> [RECORD EXTRACTS]:

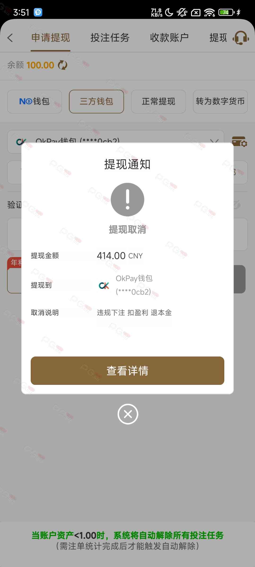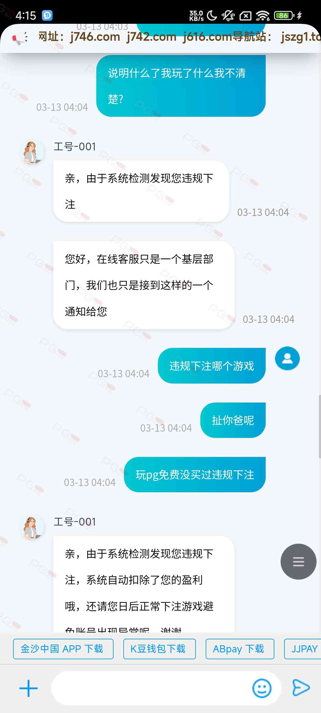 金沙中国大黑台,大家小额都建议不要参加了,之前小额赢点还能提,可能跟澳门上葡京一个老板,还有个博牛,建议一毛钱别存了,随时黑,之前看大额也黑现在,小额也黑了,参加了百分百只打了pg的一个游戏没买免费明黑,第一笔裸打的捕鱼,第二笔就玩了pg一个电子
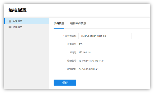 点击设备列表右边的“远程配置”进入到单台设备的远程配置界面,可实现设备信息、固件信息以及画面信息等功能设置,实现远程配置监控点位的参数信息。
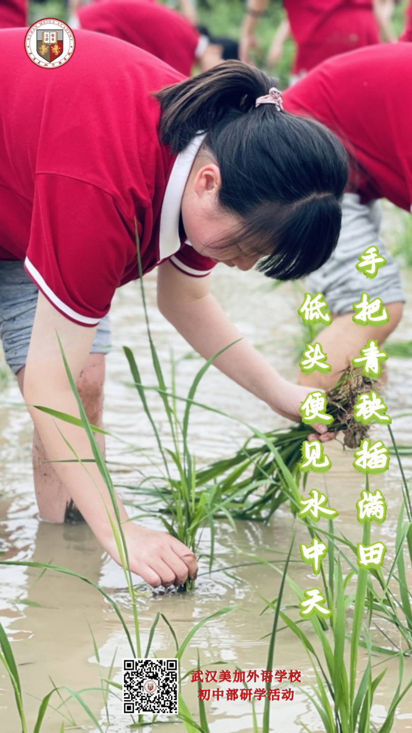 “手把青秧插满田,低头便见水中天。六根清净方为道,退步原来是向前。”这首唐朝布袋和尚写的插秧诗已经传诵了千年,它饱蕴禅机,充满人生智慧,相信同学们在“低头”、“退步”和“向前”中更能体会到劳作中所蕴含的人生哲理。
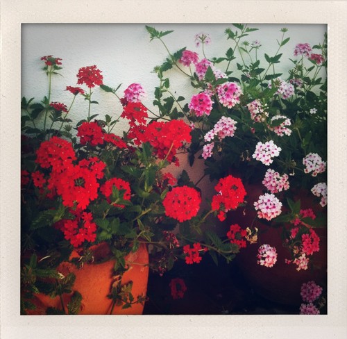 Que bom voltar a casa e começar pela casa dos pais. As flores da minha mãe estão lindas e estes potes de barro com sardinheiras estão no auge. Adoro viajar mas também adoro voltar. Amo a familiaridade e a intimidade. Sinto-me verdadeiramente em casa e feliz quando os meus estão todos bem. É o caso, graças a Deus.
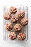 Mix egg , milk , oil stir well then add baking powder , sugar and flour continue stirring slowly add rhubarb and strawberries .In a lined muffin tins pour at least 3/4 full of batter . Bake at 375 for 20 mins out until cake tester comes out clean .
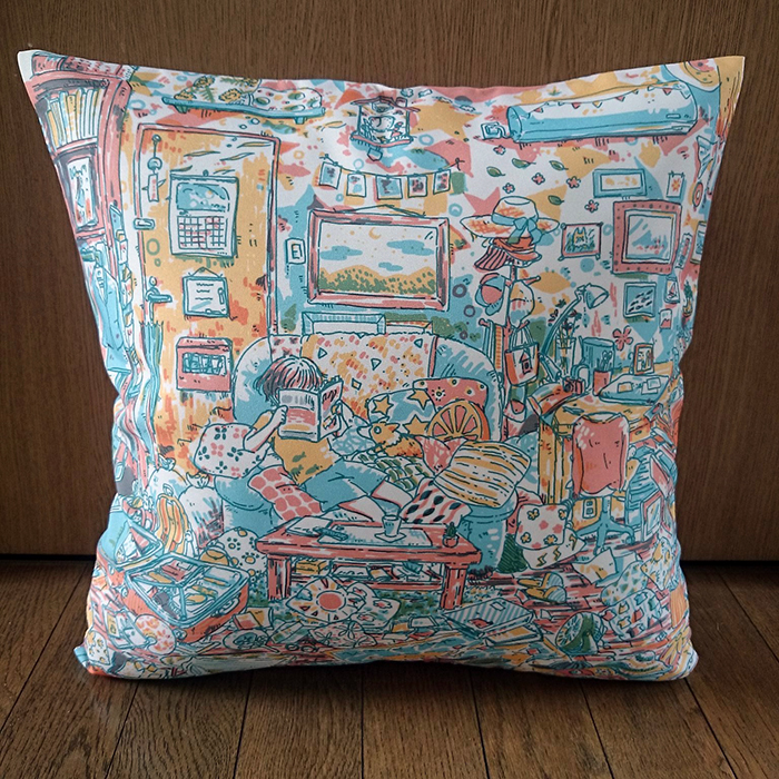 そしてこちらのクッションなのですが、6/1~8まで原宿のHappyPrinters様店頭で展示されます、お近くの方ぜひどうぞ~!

> [ABOUT THIS EXERCISE]:
The required answer is an exact copy of the lines from the one containing "Mix egg , milk" through the last line of the material, with the pictures removed.

> [ANSWER SECTION]:
 Mix egg , milk , oil stir well then add baking powder , sugar and flour continue stirring slowly add rhubarb and strawberries .In a lined muffin tins pour at least 3/4 full of batter . Bake at 375 for 20 mins out until cake tester comes out clean .
 そしてこちらのクッションなのですが、6/1~8まで原宿のHappyPrinters様店頭で展示されます、お近くの方ぜひどうぞ~!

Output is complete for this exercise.